Secrets to professional success
The LAU Byblos Dean of Students Office kicks off a new lecture series on professional development.
“Goal setting is the most important skill anyone could ever learn,” Samir Zehil, founder of Wydner Coaches & Associates consulting group, stressed to students at LAU Byblos February 24 during the launching event of a new lecture series on professional development.
“But before setting any goals,” Zehil cautioned, “ask yourself: ‘Do I have the intense burning desire for this goal?’” If not, your goal will probably not succeed, he added.
The presentation, titled “New Thinking Patterns,” went beyond basic tips and tricks to improve your job outlook. In just over an hour, Zehil spread the feeling of assurance and confidence in his pronouncements, driven by conviction and supported by credible studies.
He told students to set goals that are both challenging and realistic, and perhaps most importantly, to write them down. “A goal that is not written down is merely a wish or a fantasy,” he said.
In order to achieve those goals, it is also critical to set measurements and deadlines. Finally, an individual must set goals in line with the seven pillars of life: peace of mind; health and energy; loving relationships; financial independence; personal desires; professional desires; and self-improvement.
He pleaded with students to invest in self-improvement, noting that a 1999 study conducted by Stanford University attributed 87 percent of success to character, and only 13 percent to technical skills.
“Your character is built in.

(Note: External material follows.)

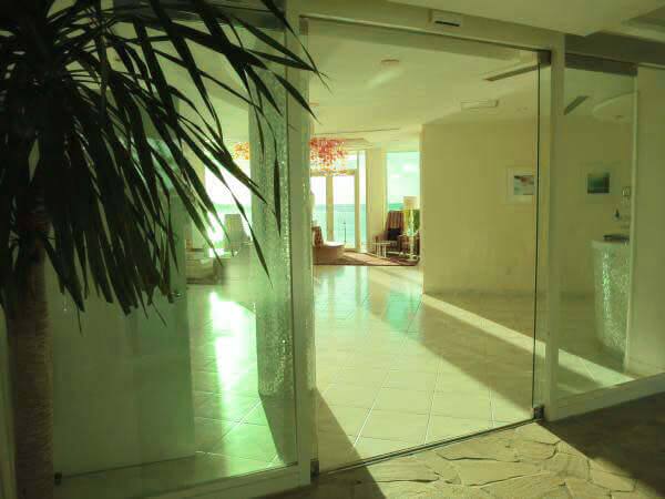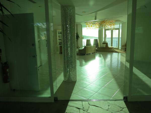 グアムの高級ホテルであるシェラトンラグーナグアムのロビーの奥にホワイトアローで挙式する方のためのロビーがあります。

You can’t change it, but you can fine-tune it,” he said.
Zehil challenged students to examine their characters through certain indicators, such as by checking how they deal with people in less fortunate circumstances or in lower social strata.
Those who disrespect their maids, for example, indicate a poor character whereas a high-ranking manager who can share a cigarette with a low-ranking employee indicates healthy character, Zehil said.
Other indicators of character include a person’s ability to see the good in every situation and person, and the ability to forgive.
The event marks the beginning of a new lecture series organized by the LAU Byblos Dean of Students Office (Career and Placement Services) with a special emphasis on professional development.
Recruitment presentations are a regular feature of the Byblos and Beirut Career and Placement Services offices, but the new series offers a higher-level of commitment and support.
“It’s not enough to help students find jobs,” says Rana Sakr, career guidance officer in Byblos. “We also need to do all we can to make sure they rise and succeed once they enter the job market.”
The next event of the series will take place on March 15 and will focus on non-verbal communication, followed by a presentation on interview skills and CV writing by the BLOM Bank Shabab Program on March 28, and another event on presentation skills by Procter & Gamble on April 19. More presentations may be scheduled in the future.